_EXERCISE OBJECTIVE_
The material below is to be copied exactly from the line with "Quando falamos de" up to and including the line with "Muchos usuarios de", with nothing else kept and no pictures.

_GIVEN DATA_
○ ○ ○ ○ ○

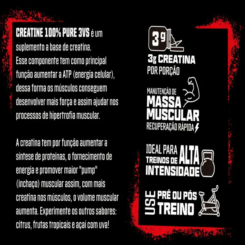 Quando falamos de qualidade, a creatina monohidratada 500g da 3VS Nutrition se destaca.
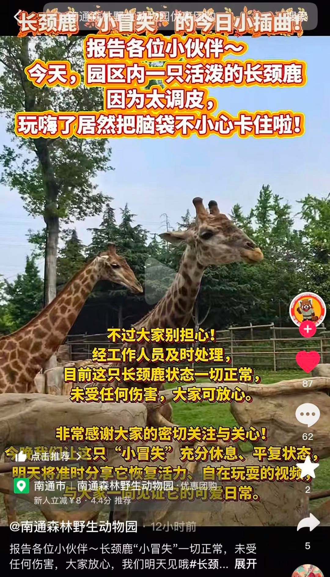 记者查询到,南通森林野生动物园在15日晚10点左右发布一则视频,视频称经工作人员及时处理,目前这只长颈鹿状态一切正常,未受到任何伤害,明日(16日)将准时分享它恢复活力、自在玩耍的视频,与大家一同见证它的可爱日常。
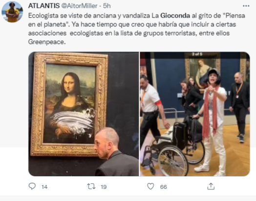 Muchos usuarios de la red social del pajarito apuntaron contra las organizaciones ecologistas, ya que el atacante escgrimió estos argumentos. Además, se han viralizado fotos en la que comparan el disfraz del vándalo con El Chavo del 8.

○ ○ ○ ○ ○

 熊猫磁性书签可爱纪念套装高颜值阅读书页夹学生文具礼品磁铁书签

○ ○ ○ ○ ○

_TASK SOLUTION_
 Quando falamos de qualidade, a creatina monohidratada 500g da 3VS Nutrition se destaca.
 记者查询到,南通森林野生动物园在15日晚10点左右发布一则视频,视频称经工作人员及时处理,目前这只长颈鹿状态一切正常,未受到任何伤害,明日(16日)将准时分享它恢复活力、自在玩耍的视频,与大家一同见证它的可爱日常。
 Muchos usuarios de la red social del pajarito apuntaron contra las organizaciones ecologistas, ya que el atacante escgrimió estos argumentos. Además, se han viralizado fotos en la que comparan el disfraz del vándalo con El Chavo del 8.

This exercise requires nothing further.